Before delivering his decision at trial, the Member confirmed that the parties had provided all evidence they thought was relevant and stated that he ‘will not engage in any further discussion on the nature of this case’. When the Subtenant sought to raise an issue at this point in relation to the allegations of aggressive behaviour against him, the Member stated that he was ‘not going to take any discussion of that sort’.

It was noted by Ginnane J that members of VCAT do not possess the same breadth of time to consider Residential Tenancy matters that judges do; however, His Honour held that insufficient time does not eradicate a party’s entitlement to natural justice.

It was also held that, in the particular circumstances of the case, the Member should have informed the Subtenant of his right to cross-examine witnesses whose evidence was adverse to him. The Subtenant was self-represented at trial and gave only brief evidence in chief. Ginnane J considered that because the case was brought under the emergency provisions of the Omnibus Act and concerned serious allegations against the Subtenant, some cross-examination should have been permitted.

It was acknowledged that ‘permitting cross-examination will lengthen the proceeding and may restrict the Member’s ability to hear other cases…but, if that is the result, it is a result required by law’ ). On this basis, the Subtenant’s appeal was allowed and the orders for termination and possession previously granted by VCAT were overturned.

Take aways

Although the Omnibus Act provides extensive protections for residential tenants during the COVID-19 crisis, there are exceptions to these protections.

Landlords should be aware of their entitlement to apply for termination and possession orders where their tenant has engaged in any of the conduct listed under section 549(2) of the RT Act.
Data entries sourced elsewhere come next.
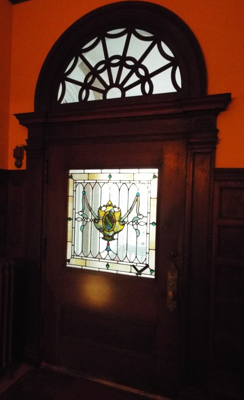 Rockcliffe Mansion today – it needs a paint job but the house was built like a fortress. This house sits behind Rockcliffe. It was moved so that Rockcliffe could be built on its original spot..Beautiful harp in the Music RoomEach room has its own thermostatic heat controlTiffany Stained Glass in the front door.kitchenTiffany stained glass at the top of the grand staircase landingTiffany lampFainting Room – these were needed due to the tight corsets’ the women wore. Painting of Rockcliffe in its finer days. The brick walls lead to the carriage house
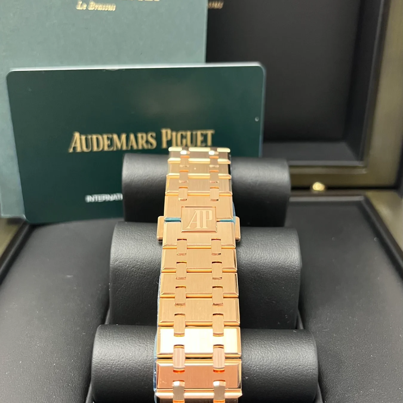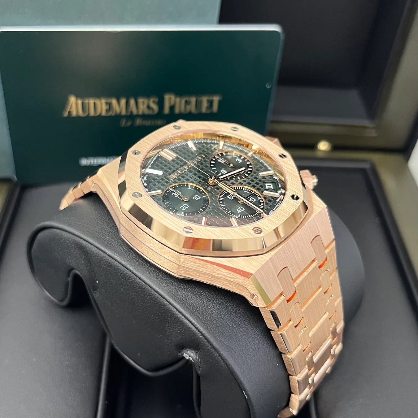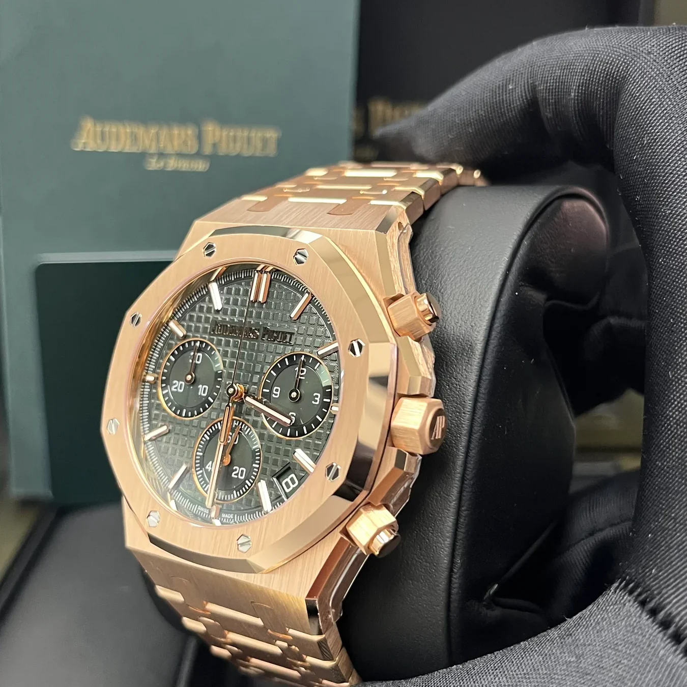 Khaki green dial with “Grande Tapisserie” pattern, khaki green counters, pink gold applied hour-markers and Royal Oak hands with luminescent coating.
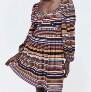 Vestido Zara, estampado de rayas multicolor, escote amplio elastico, mangas abullonadas con elastico en el puño, y falda acampanada. Tejido plisado y elastico. Talla M. Composicion 100% Poliester. Nuevo con etiqueta. Medidas Sisa 40 cm Cintura 35 cm Largo 78 cm
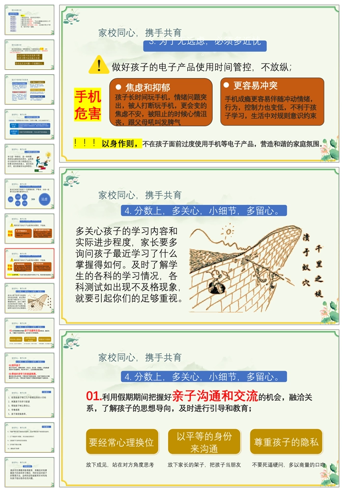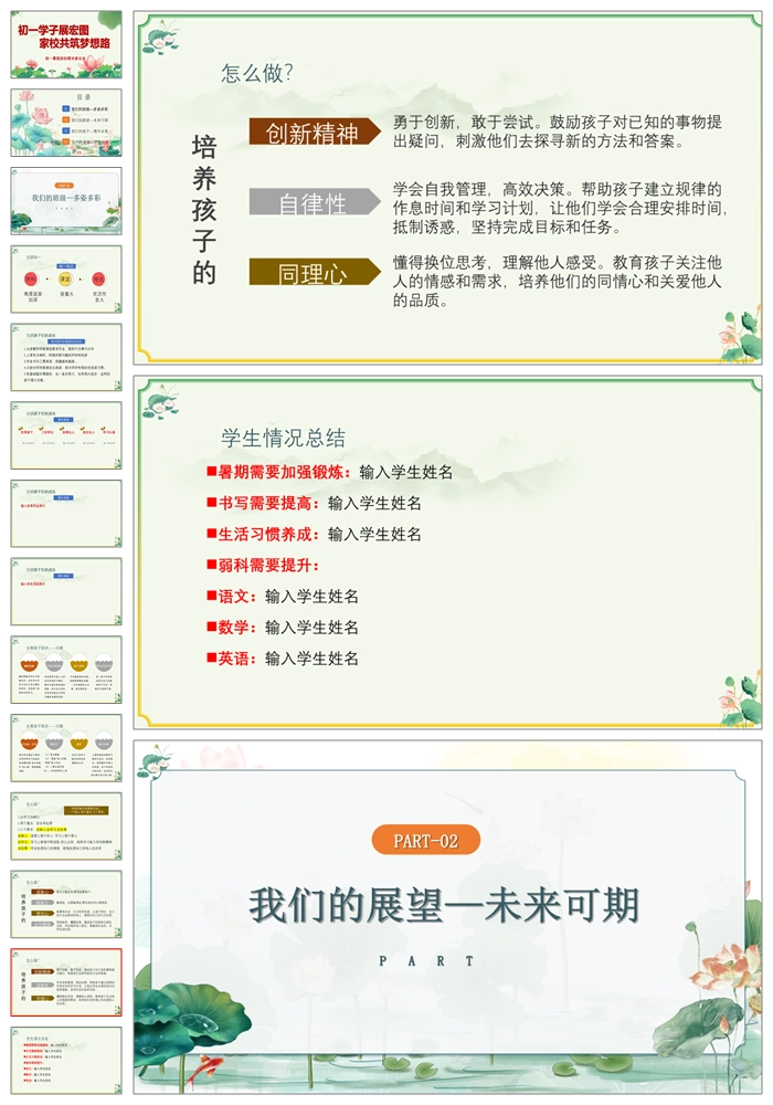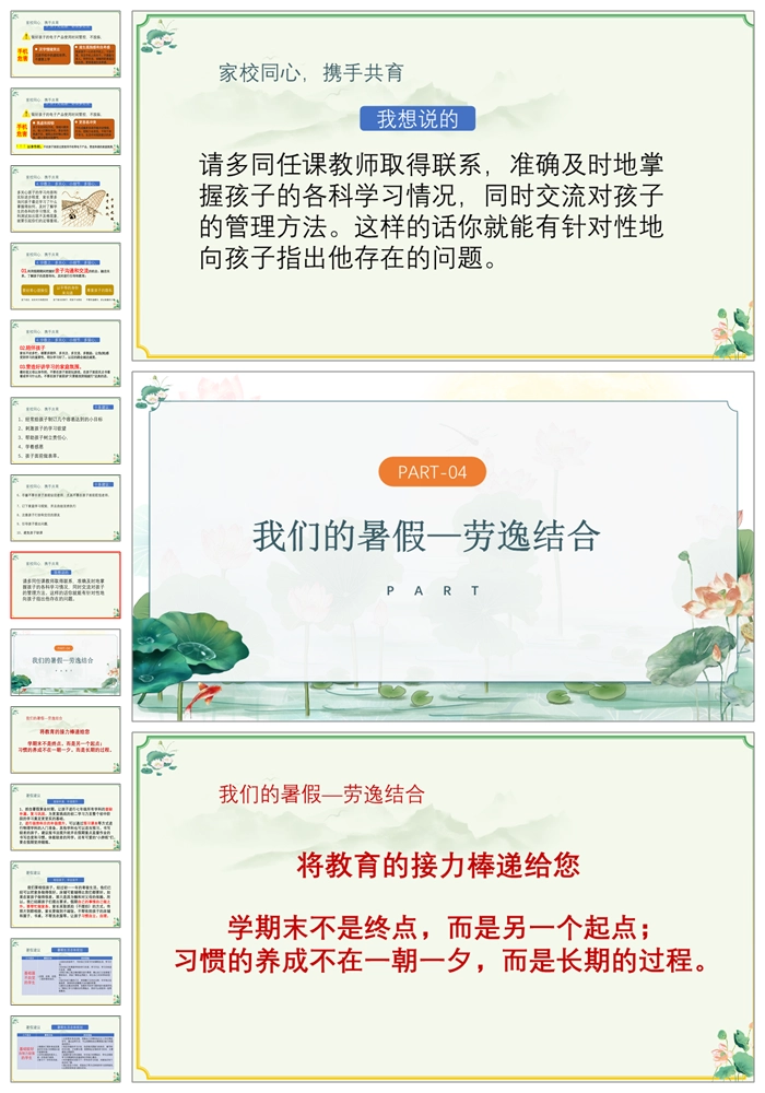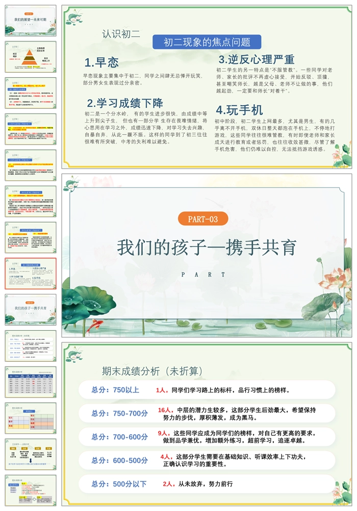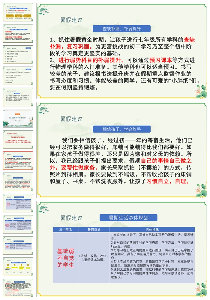 【8289】《初一学子展宏图家校共筑梦想路》七年级暑假前期末家长会PPT(课件+发言稿+暖场视频)
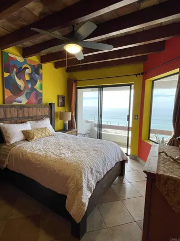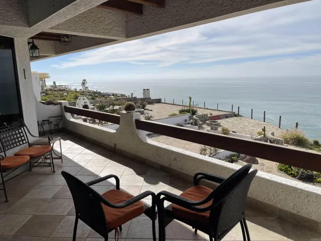 Turn key furnished oceanfront Condominium. This incredible property is located at a front ocean location in South Rosarito in the State of “Baja California, Mexico, 45 miles south of the San Diego California border to Mexico. it is on the second floor of a three levels building,3 bedrooms, 2 Bathrooms, ceramic flooring throughout, highly upgraded, custom ceiling fans and lights, kitchen and bathrooms tops, one bathroom has a tub with massage whirlpools, unobstructed views to the Pacific Ocean. vaulted ceilings throughout, design with traditional Mexican style and Decor, large barbecue area, new appliances including tank less water heather,1 car assigned space, gated private community with 24/7guard,pool,Jacuzzi, Tennis courts, parks and more awaits for you at “Plaza Del Mar”
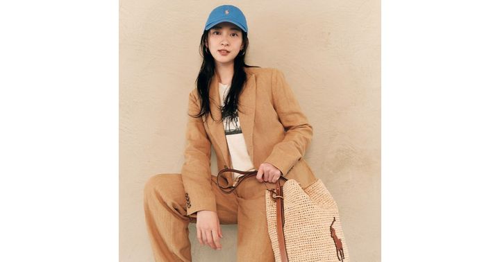ラルフのハンサムなセットアップをキャップやビッグサイズの夏素材のバッグでリラクシーに着こなす武井咲さん
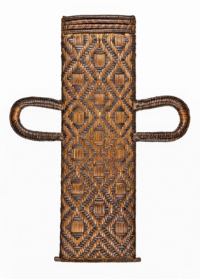 Scheide aus Palmholz mit geflochtener Liane umwickelt, seitlich jeweils ein Griff, hell-dunkles Rautenmuster
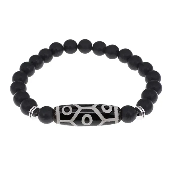 Браслет с 9-глазой бусиной Дзи и синт.камнем Шунгит BSDS8-05-24
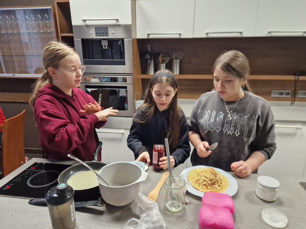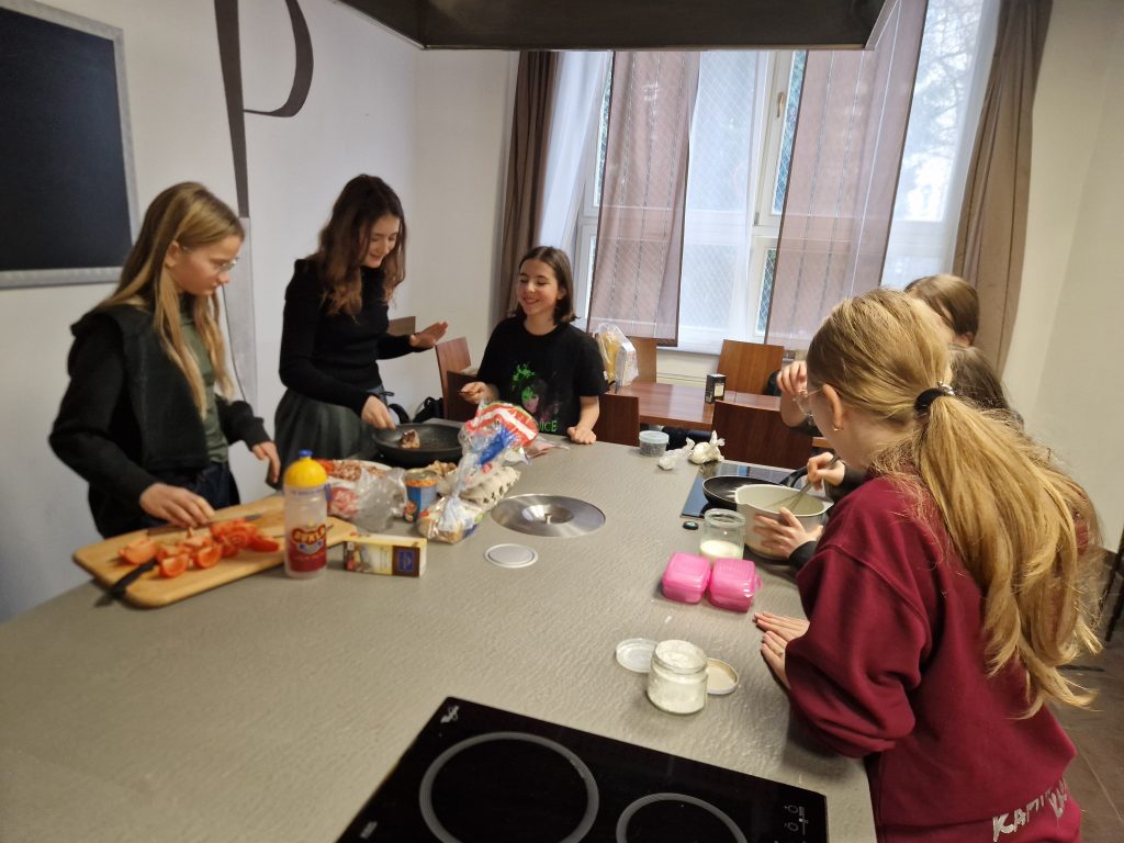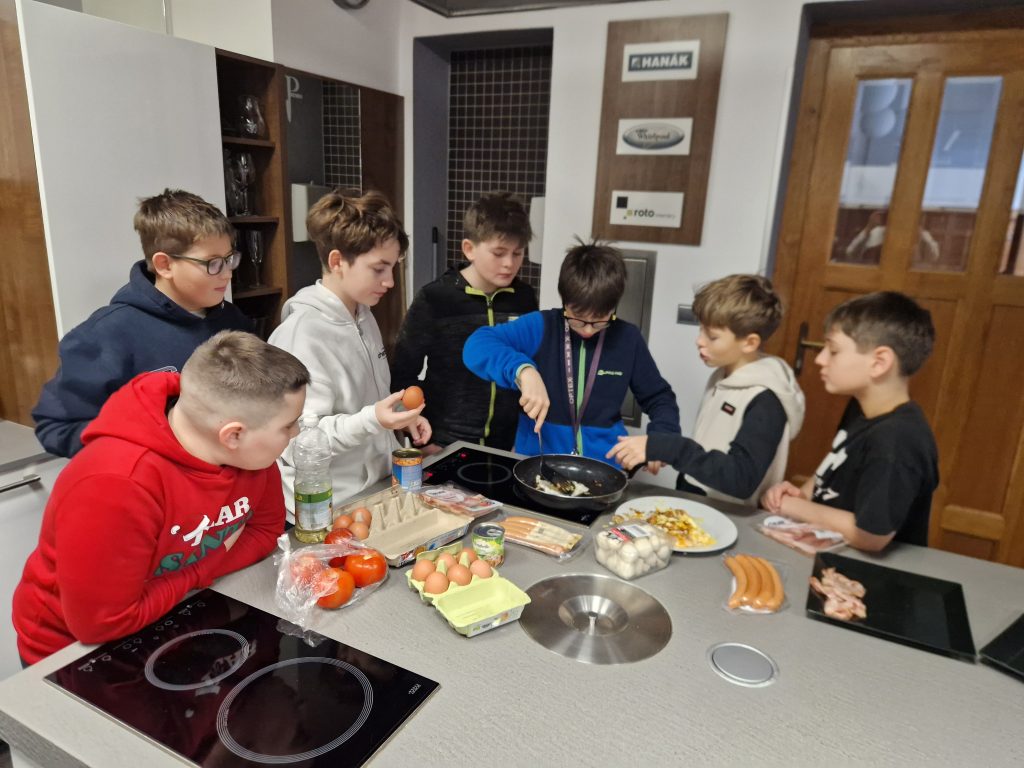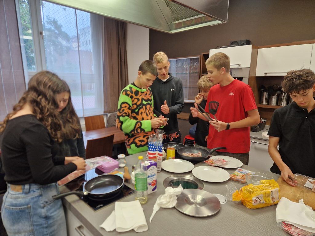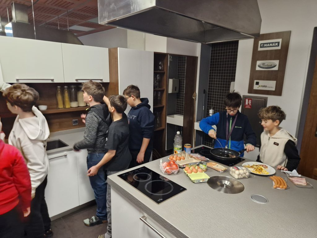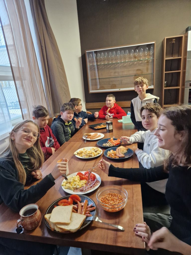 I letos jsme si s žáky 6. a 8. a 9. tříd připravili tradiční The English Breakfast. Společně jsme vařili, spolupracovali a měli jsme jen dvě pravidla: bezpečnost a mluvit pouze anglicky, jinak už bylo vše na vzájemné domluvě žáků mezi sebou. Bylo krásné sledovat, jak se s věkem zvyšuje samostatnost žáků, zatímco mladší potřebovali více podpory, starší pracovali jistěji a přirozeně přebírali odpovědnost. Nešlo jen o jídlo, ale hlavně o radost ze společné práce a učení v praxi a běžné praktické anglické mluvy. Těšíme se na další vaření v angličtině!
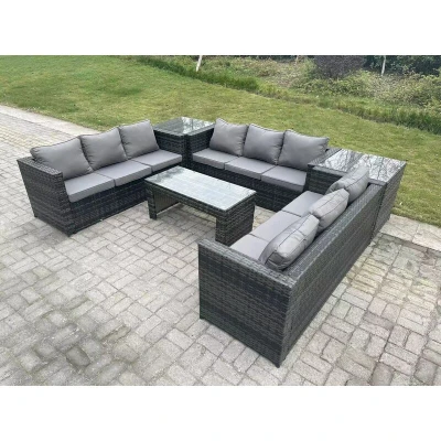 General description This classic outdoor rattan garden furniture lounge sofa set is designed to accommodate up to 9 people. It features a comfortable and soft cushion back, crafted from premium dark grey rattan that is durable enough to withstand British weather conditions. Technical specifications 3 x Double armrest Sofa Size: 176W x 65D x 66H cm 1 x Coffee Table Size: 105L x 50W x 48H cm 2 x Side Table Size: 65W x 65D x 66H cm Sofa Weight Capacity: 250 kg Material: Dark grey mixed PE Rattan Glass Thickness: 5 mm Tempered Glass Cushion Thickness: 8 cm Installation The items come flat packed and are easy to assemble. The set features sturdy galvanized steel tube metal frames with powder coating to prevent rust. Usage For optimal maintenance, keep the cushions indoors or use a rain cover when not in use. It is recommended to cover the furniture with a rain cover if it will not be used for an extended period. Other information Factory direct sale guarantees quality and after-sale
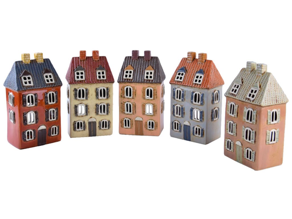 Svícen domeček, keramika, mix, 13,5x22x9,5cm|Ego dekor
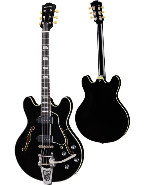 The Eastman T64/TV-LTD-BK 16" Limited Edition Deluxe Thinline Hollowbody w/ Bigsby in Truetone Vintage Black Gloss is an exquisite blend of vintage charm and modern performance. Featuring a deluxe maple laminate body and a maple neck with an ebony fingerboard, this guitar offers smooth playability and rich, resonant tone. The neck is fitted with Jescar fretwire and has a 12" radius for a comfortable playing experience. The Lollar Dogear P90 pickups produce a warm, bluesy tone that’s perfect for a wide range of styles, from jazz to rock. The US Bigsby B7 tailpiece provides classic vibrato action, while the Gotoh relic hardware adds to its vintage appeal. The guitar’s Truetone Vintage Gloss finish, with its ivoroid binding, enhances the overall aesthetic, giving it an unmistakable vintage feel with modern playability.
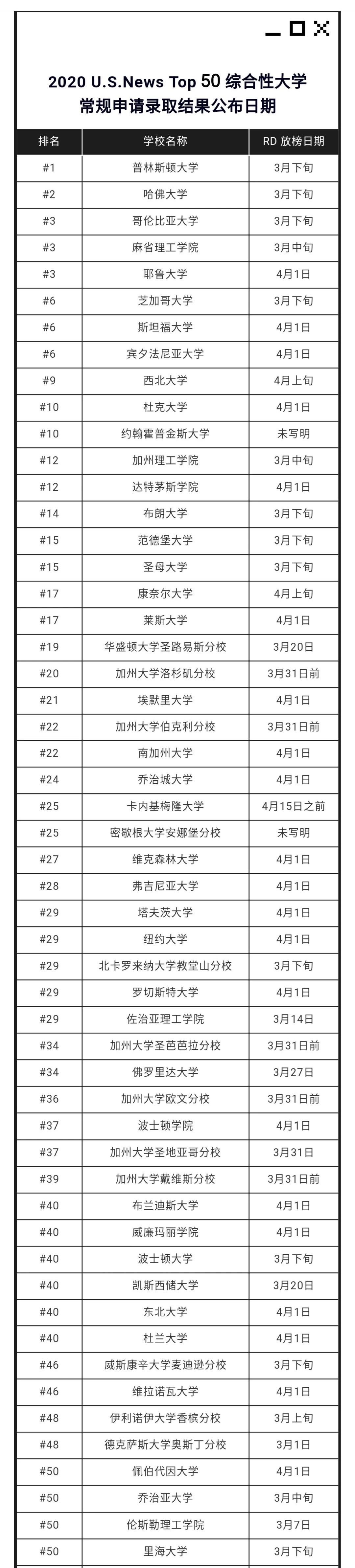 首页 > 顾问主页 > 2020年美国Top50综合大学放榜时间汇总
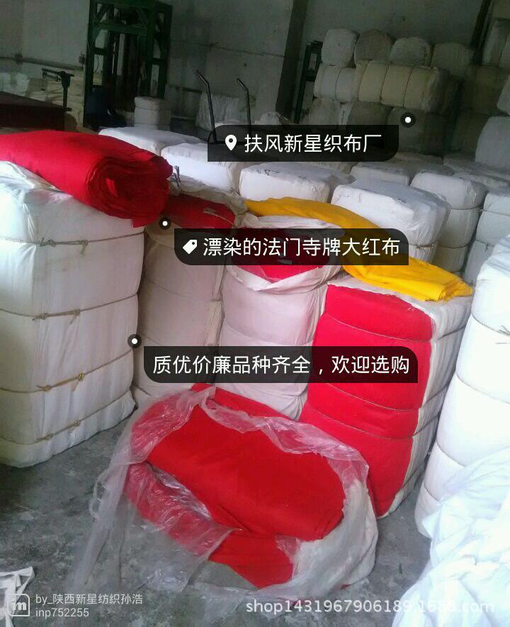 陜西新星紡織有限公司,扶風(fēng)新星織布廠常年生產(chǎn)全棉,滌棉白坯布和工裝布,深加工各種大紅布,黃布,綠布,藍(lán)布,粉紅布,代客戶加工印染各種色布,漂白布。新星織布,經(jīng)誠緯義,誠信做人,用心做事,以儒論商,互惠雙贏,精質(zhì)興業(yè),誠信活商,質(zhì)優(yōu)價(jià)廉,歡迎選購!聯(lián)系人:孫浩,13609178979微信13289185999
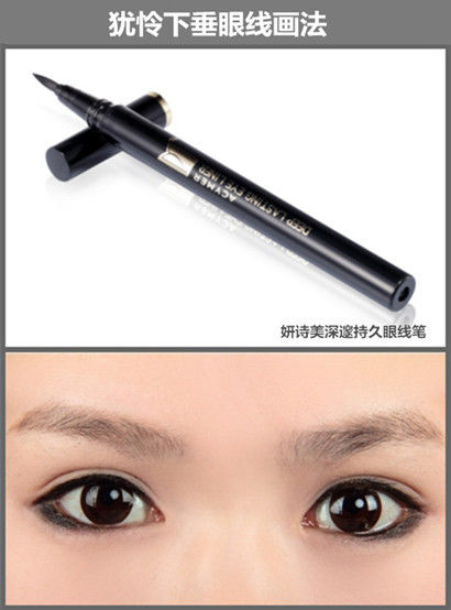 点评:这是这两年比较流行的一款比较无辜的眼线,也叫狗狗眼!一定要紧挨着睫毛根部来画,并且把睫毛和睫毛之间的空隙用眼线填满。
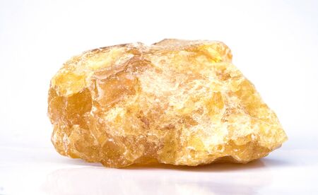 Rough yelow opal crystal, unpolished mineral. Close-up, black background

Likewise, tenants should be aware that the temporary protections granted to them by virtue of the Omnibus Act are not unassailable.

This case demonstrates that even in the context of COVID-19 emergency measures, where the time and resources of VCAT are often insufficient, strict adherence to both the law and the tenets of natural justice are required. Landlords and tenants alike should have reference to the foregoing decision if considering bringing an application for eviction.